Frontalier, est-il fiscalement intéressant de déclarer un compte en Suisse suite à la vente en France d'un petit bien immobilier - somme qui serait placée en Suisse.

Les intérêts de placement sont taxés à 35% je crois.

Mais si le compte est déclaré en France, y-a-t-il nouvelle taxation ou pas ?

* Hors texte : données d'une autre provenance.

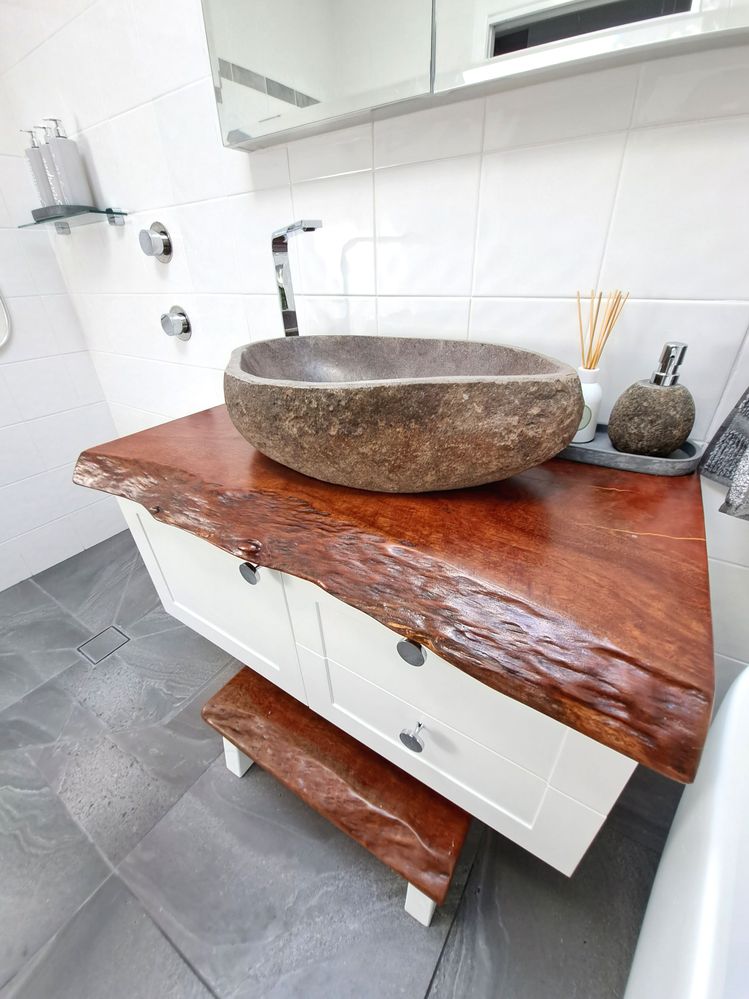 I wanted to add a natural element, so I found a bloke who had this 50 year old Redgum slab in the back of his work shed. That, with this cool stone basin, I was able to make a one of a kind live-edge vanity unit.

Tout est parfaitement clair et établi mais je n'arrive pas à trouver de réponse...

Bien à vous.
 

xa

Membre Expert
#2
Bonjour

Sur la fiscalité en Suisse, vous serez soumis à l'impôt anticipé (35% pour les rendements de capitaux), sans pouvoir impacter votre demande de rectification, sauf à demander l'application du statut de pseudo-rés (qui dépend du fait que vous ayez 90% de vos revenus familiaux en Suisse).

En comparaison, le même argent placé de manière similaire en France, sera taxé à 32.5% au pire (choix IR ou PLF selon votre tmi).



"Mais si le compte est déclaré en France, y-a-t-il nouvelle taxation ou pas ?"

C'est une question en cours, avec un rapport qui doit être posé devant le parlement pour le 1er décembre. Il est question de taxer les revenus des placements en Suisse. Problème : c'est en contradiction avec les accords bilatéraux, qui sont de force supérieure (droit constitutionnel > droit international > droit national).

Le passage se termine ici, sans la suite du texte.